Вернувшись осенью «на зимние квартиры», отец в один из тягостных октябрьских вечеров пошел в Уречье к Маше, которую давно приметил, заходя в амбулаторию к жене Вале. Взял её за руку, привёл к себе и уложил в постель. Он готов был оставить её в качестве домработницы (у нас их сменилось уже несколько). Но с Машей такой номер не прошёл. Теперь уже она за руку отвела отца в ЗАГС. И они заключили брак. Замечу, что с нашей мамой отец жил без этих формальностей. У Маши был характер тигрицы — сильной, хитрой и коварной. Отца она полюбила по-звериному. Мы же с Тёмой были для неё лишним к нему приложением. Она не пыталась стать нам матерью, воспитывать нас. Маша следила за нашим питанием, ограничиваясь простым, доступным ей меню, следила за нашей одеждой. Но в отношении свободы нашего поведения всё осталось по-прежнему. Хотя иногда у неё явно «чесались руки» применить к нам методы своего рабоче-крестьянского воспитания.

Летом 1939 года наш 156-й КТАП снова выступил в летний лагерь под Бобруйском. Мы опять поселились в щитовом домике, другом, но с теми же качествами, что и в прошлое лето. Только теперь уже с нами была Маша. И, хотя она была «на сносях», но отремонтировала крышу, заделала щели в стенах. Снаружи перед входом из кирпичей сложила плиту, на которой успешно готовила нам пищу.

21 июня 1939 года в Бобруйске Маша родила девочку, которую отец назвал Долорес. Мы звали её Долей. У Доли на одной ноге был дефект, требующий хирургического вмешательства. Эта беда и попытки излечения ребёнка во многом определили наше существование в оставшиеся до начала войны два года и привели к серьёзномуповороту в нашей судьбе.

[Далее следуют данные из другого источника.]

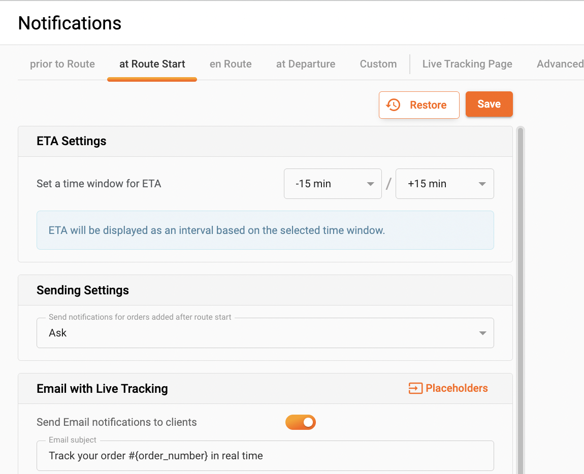 1. Global settings that apply to the whole account operation (e.g. en Route notification enabled / disabled).
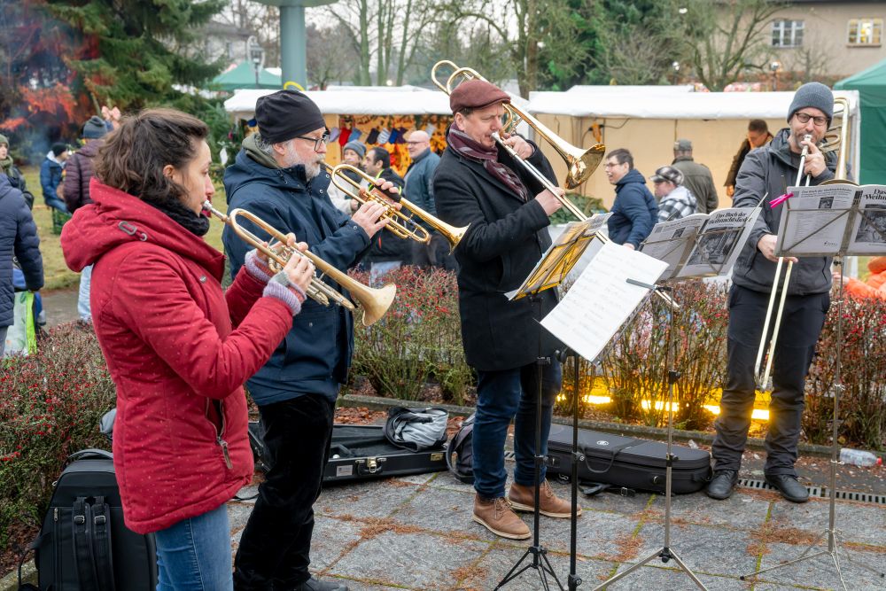Ein echtes Highlight boten die Künstler*innen: Die Feuershow von Feral Flame faszinierte mit eindrucksvollen Effekten, während der Chor der PankePerlen und der energiegeladene Auftritt der Karower Dachse den Adventsbasar zusätzlich zum Strahlen brachten.
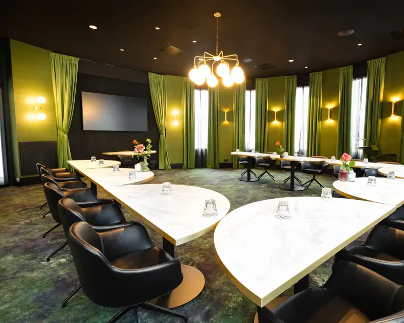 Salon Limone ist ein wunderschöner und stimmungsvoller runder Raum, ideal für Meetings, Zusammenkünfte und Abendessen. Durch seine runde Form, die großen Fenster und das farbenfrohe Interieur entsteht eine inspirierende und einladende Atmosphäre. Der Raum bietet eine semi-flexible Bestuhlung und ist mit bequemen Schalensesseln für ein angenehmes Meeting-Erlebnis ausgestattet. Zudem verfügt er über eine moderne Klimasteuerung sowie die neueste audiovisuelle Technik, darunter ein großer TV-Bildschirm, für ein optimales Präsentationserlebnis.

Мы с братом в лагере проводили время на значительно расширившейся территории и в её окрестностях, на озере Кривом, на берегу Березины. Когда начинались манёвры, мы издали видели наши пушки на боевых позициях, пережили имитацию газовой атаки,как-то видели атаку целого кавалерийского полка — сверкали шашки, и земля гудела от топота сотен конских копыт.

А ещё наблюдали заключительный парад войск после окончания манёвров. Побатарейно, в пешем строю шли наши артиллеристы. Впереди шагали наши отцы.

Плохая им досталась доля, не многие вернулись с поля…

17 сентября 1939 года наш 156-й КТАП двинулся на запад — освобождать Западную Белоруссию. Остановился в 25 километрах от новой границы с Германией, в польском городе Замбрув (Замбров). Город сначала с боем был занят немцами — польская дивизия генерала Коссецкого безуспеш но попыталась противостоять танковому корпусу генерала Гудериана.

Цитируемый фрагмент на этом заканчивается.